= Elizabeth Watkins (philanthropist) =

Kansas philanthropist (1861–1939)

Elizabeth Josephine Watkins (1861-1939) was a philanthropist, best known for funding hospitals and scholarship halls in Lawrence, Kansas.

She was born Elizabeth Josephine Miller in New Paris, Ohio in 1861. Her family moved to Lawrence, Kansas in 1872, where she attended preparatory school at the University of Kansas. In 1875, her father's death forced her to leave school and find work to financially support her family. She worked at J.B. Watkins Land and Mortgage Company, where she eventually became the secretary to the company's wealthy founder and president, Jabez Bunting Watkins. In 1909, Elizabeth Miller's mother died, and she married J.B. Watkins. J.B. died in 1921 and left his entire fortune of $2.4 million to Elizabeth Watkins.

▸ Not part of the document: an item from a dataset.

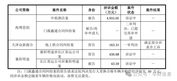 此外,海博思创及其子公司最近三年有多项作为被告的诉讼案件:中裕酒店案、门源鑫通合同纠纷案、襄阳明途案。(下图)

Watkins' major donations include building the Watkins Scholarship Hall at KU (1926), Lawrence Memorial Hospital (1928), Watkins Memorial Hospital (1931), Watkins Nurses Home (1937), and Miller Scholarship Hall at KU (1937). She also donated the Watkins Bank Building to the City of Lawrence in 1929 (a property initially belonging to her husband through his role as president of Watkins National Bank). This building was used as Lawrence City Hall until 1970, when it was transferred to the Douglas County Historical Society, which now runs the Elizabeth Miller Watkins Community Museum there.

Elizabeth Watkins died in 1939. She bequeathed substantial property to the University of Kansas, including her home, which is now the Chancellor's residence. Her papers are held with those of her husband in the KU Kenneth Spencer Research Library.